■ What the exercise asks
Retype only the lines that run from the top of the material below to the line bearing "#4 Turkish Eggs", inclusive, and keep the pictures out.

■ Dataset content
--------------------------------

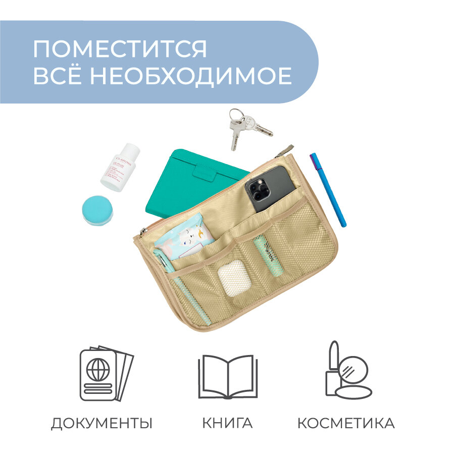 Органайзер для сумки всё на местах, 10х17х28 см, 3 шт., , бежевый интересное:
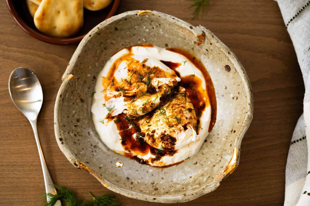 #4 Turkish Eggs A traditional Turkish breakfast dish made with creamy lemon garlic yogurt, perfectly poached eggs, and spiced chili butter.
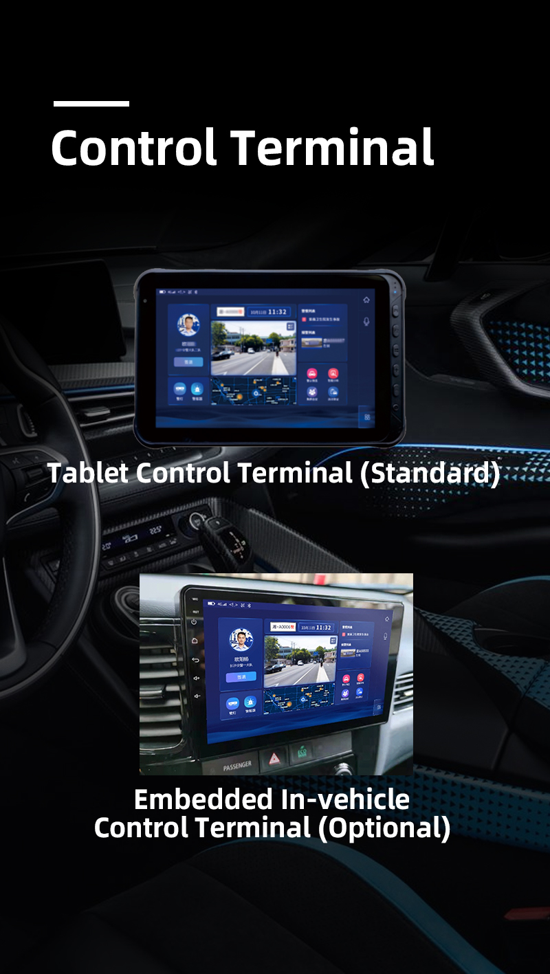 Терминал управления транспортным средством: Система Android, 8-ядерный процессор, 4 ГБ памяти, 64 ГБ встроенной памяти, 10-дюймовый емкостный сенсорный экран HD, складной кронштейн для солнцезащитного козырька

--------------------------------

■ Written answer
 Органайзер для сумки всё на местах, 10х17х28 см, 3 шт., , бежевый интересное:
 #4 Turkish Eggs A traditional Turkish breakfast dish made with creamy lemon garlic yogurt, perfectly poached eggs, and spiced chili butter.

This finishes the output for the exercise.